__Data below__
- Opening Delimiter -
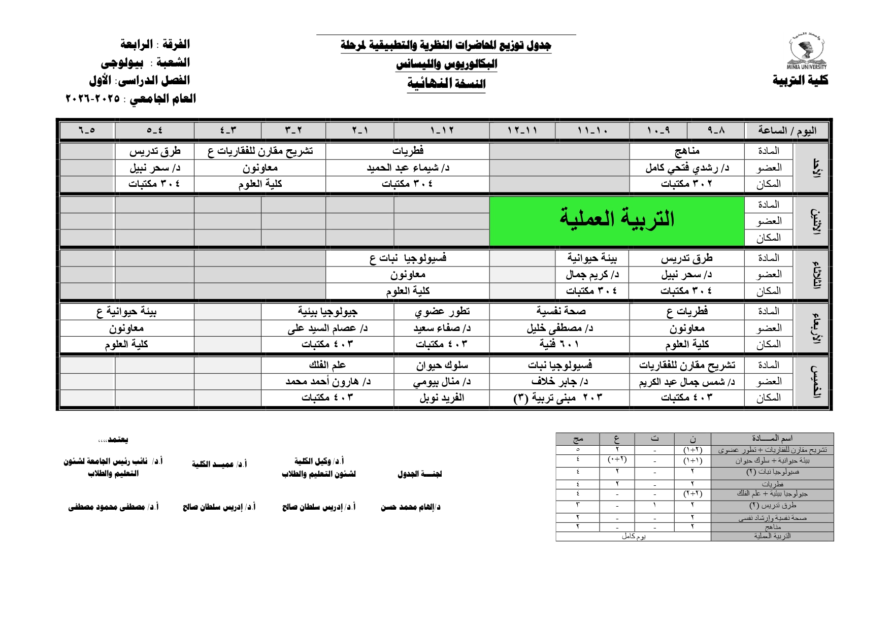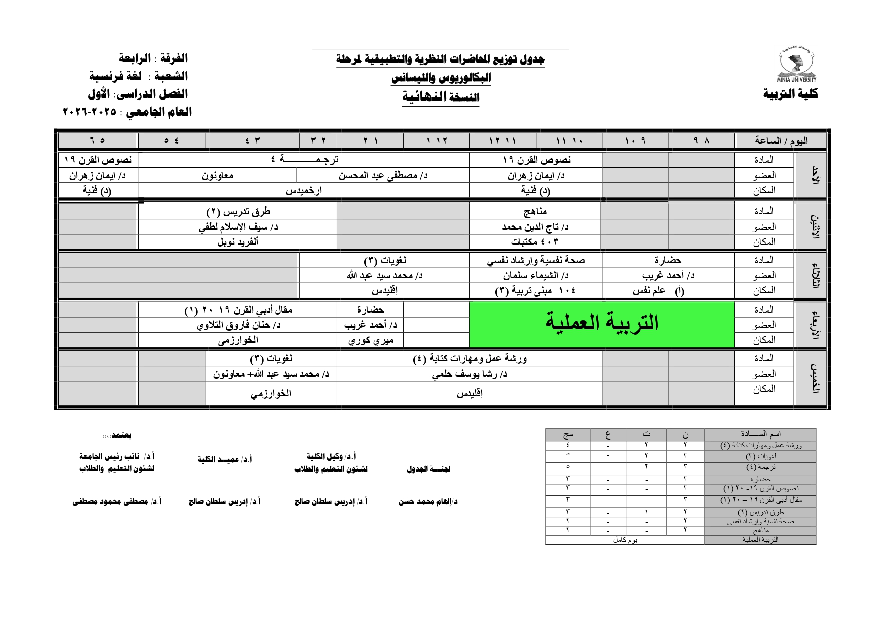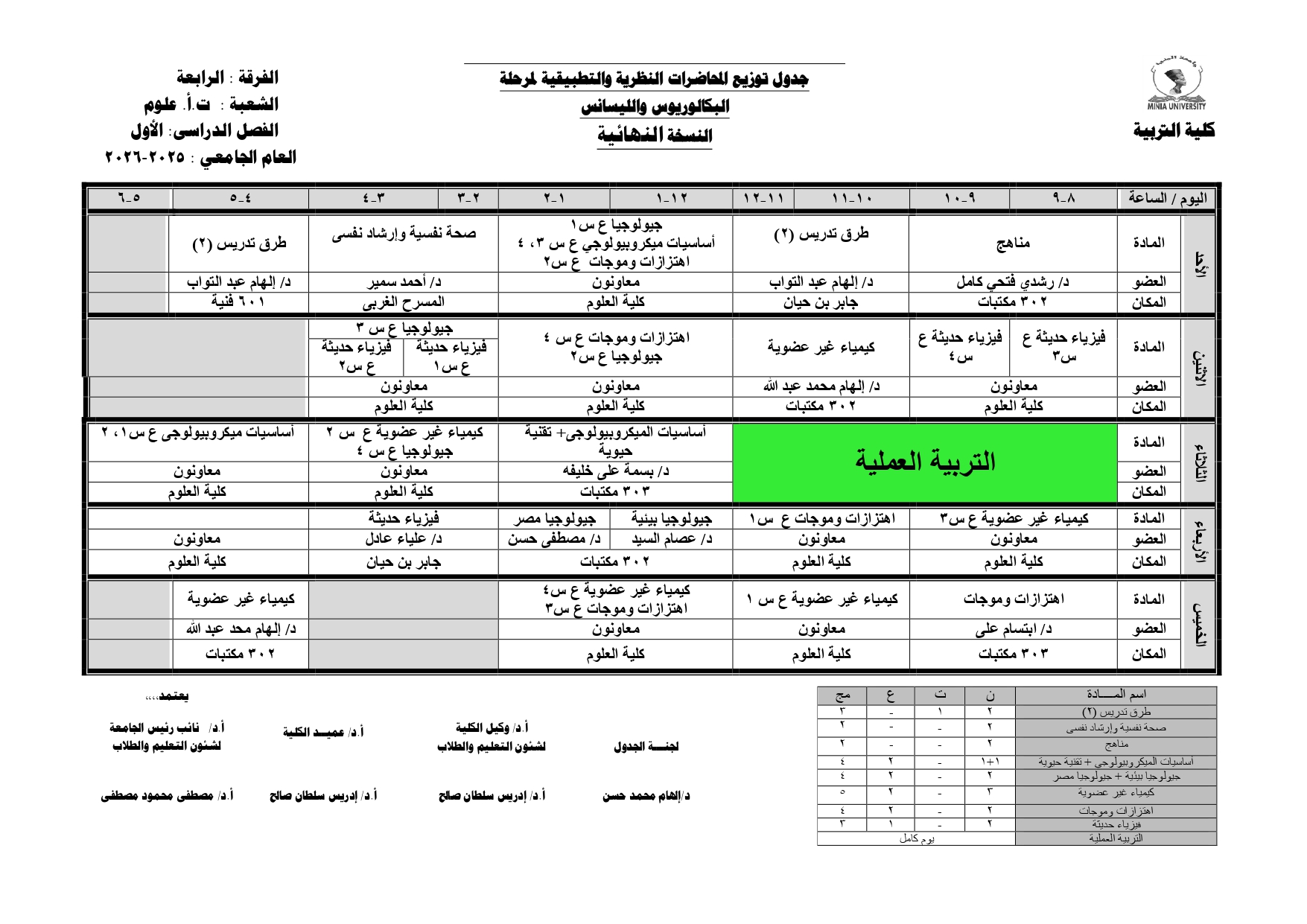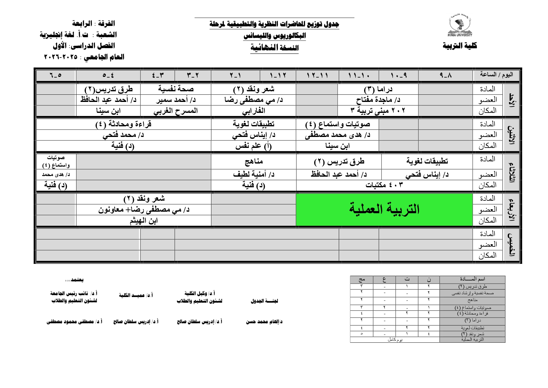 Chers étudiants de la quatrième année, Voici les horaires des cours théoriques et pratiques du premier semestre pour l'Année Académique 2025/2026.
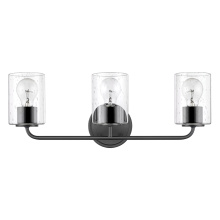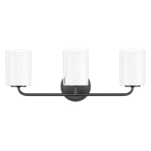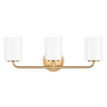 Exhibiting graceful curves balanced with simple industrial elements, our Vieira vanity sconce is a fascinating feature. Her extensive catalogue of stylish finishes, size options and glass shades are poised to enhance any bathroom setting, from farmhouse to fancy. Finished in exquisite aged brass, bold black or distinctive dark nickel, Vieira is guaranteed to add depth of character. She'll shine brightly with any of her eight glass options: pristine clear, classic clear with opal, sparkling clear reed, soft opal, smooth opal reed, fine painted line, engaging etched, or intriguing seeded. Poised to be the next sconce sensation, Vieira is worthy of a solo show.
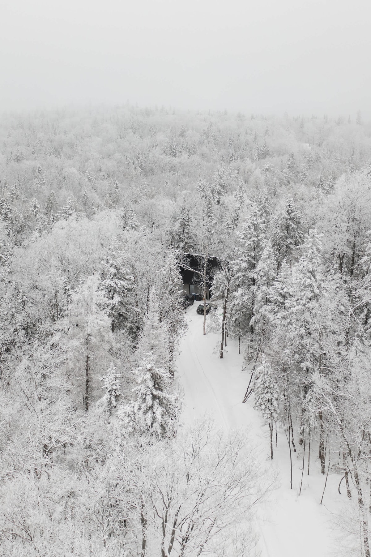 Contact Us for On-going Promotion! Unique & Secluded all White Glass Treehouse with Breathtaking Mont-Tremblant mountains views! The cabin is majestically glazed architectural space combining natural simplicity and contemporary luxury, 10 min from village of Mont-Tremblant, Ski Tremblant. Nestled on the end of the cliff with a fully glazed living space, Bathtub with view, The Panoramic terrace & Private hot tub for an unparalleled relaxation experience in Laurentians. Canadian Renowned Designer.
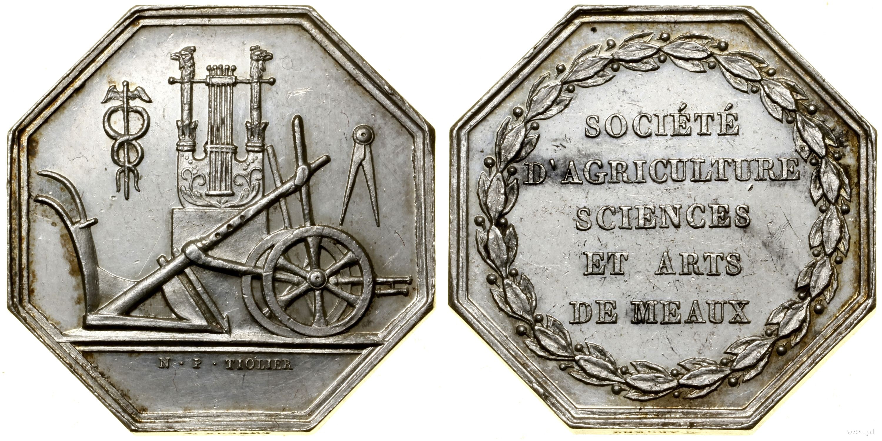 Aw: Pług, za nim lira, kaduceusz i cyrkiel, na dole sygnatura N • P • TIOLIER, Rw: Wieniec, w którym SOCIÉTÉ / D' AGRICULTURE / SCIENCES / ET ARTS / DE MEAUX, Obrzeże: Punca ARGENT
- Closing Delimiter -
__Exercise directions__
The pictures in the data should be omitted, and every remaining line set down exactly.

__Solution to the exercise__
 Chers étudiants de la quatrième année, Voici les horaires des cours théoriques et pratiques du premier semestre pour l'Année Académique 2025/2026.
 Exhibiting graceful curves balanced with simple industrial elements, our Vieira vanity sconce is a fascinating feature. Her extensive catalogue of stylish finishes, size options and glass shades are poised to enhance any bathroom setting, from farmhouse to fancy. Finished in exquisite aged brass, bold black or distinctive dark nickel, Vieira is guaranteed to add depth of character. She'll shine brightly with any of her eight glass options: pristine clear, classic clear with opal, sparkling clear reed, soft opal, smooth opal reed, fine painted line, engaging etched, or intriguing seeded. Poised to be the next sconce sensation, Vieira is worthy of a solo show.
 Contact Us for On-going Promotion! Unique & Secluded all White Glass Treehouse with Breathtaking Mont-Tremblant mountains views! The cabin is majestically glazed architectural space combining natural simplicity and contemporary luxury, 10 min from village of Mont-Tremblant, Ski Tremblant. Nestled on the end of the cliff with a fully glazed living space, Bathtub with view, The Panoramic terrace & Private hot tub for an unparalleled relaxation experience in Laurentians. Canadian Renowned Designer.
 Aw: Pług, za nim lira, kaduceusz i cyrkiel, na dole sygnatura N • P • TIOLIER, Rw: Wieniec, w którym SOCIÉTÉ / D' AGRICULTURE / SCIENCES / ET ARTS / DE MEAUX, Obrzeże: Punca ARGENT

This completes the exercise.